Así que incluso sin un destello de inspiración para una forma de salvar a todos, tuvo que actuar antes de que su inútil cerebro se quemara completamente…

«Barusu».

«¿Qué? Ahora mismo, estoy pensando en una forma de sacar a Rem y Beatrice de ahí de alguna manera…»

Subaru estaba tratando desesperadamente de pensar cuando Ram abruptamente le llamó. Cuando miró a Ram, parecía que su cerebro ardiente se filtraba por los lóbulos de sus orejas mientras buscaba desesperadamente una salida a su situación.

Mientras se preparaba para escuchar una propuesta de regreso del borde de la perdición de sus labios rosados…

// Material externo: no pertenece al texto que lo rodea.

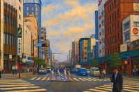 Het kunstwerk is uitgevoerd in olieverfstijl, met karakteristieke penseelstreken en levendige kleuren.
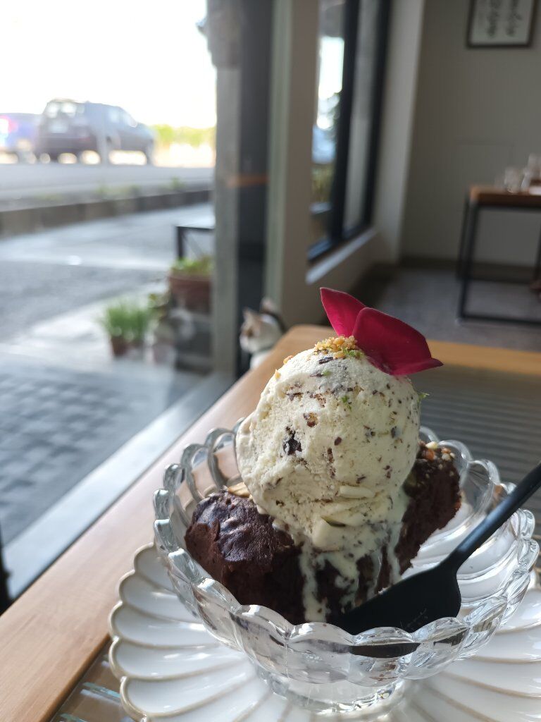 布朗尼冰淇淋的玫瑰花瓣看起來好像蝴蝶(後面有店貓),布朗尼有堅果似乎還有果乾,冰淇淋也有些巧克力碎碎,好吃。

«Dada nuestra situación actual, lo mejor es dejar a esas dos en la mansión mientras nosotros cuatro escapamos.»

«—–¿Qué?»

Sus miradas de igual altura se encontraron, y la declaración, entregada con gran firmeza, borró el proceso de pensamiento de Subaru.

Sus tímpanos temblaban, transmitiendo las palabras a su cerebro, su mente se sumergió en las palabras al llegar a la comprensión de lo que ella le había dicho. Entonces, en el instante en que alcanzó la comprensión, sus emociones llegaron a un punto de ebullición.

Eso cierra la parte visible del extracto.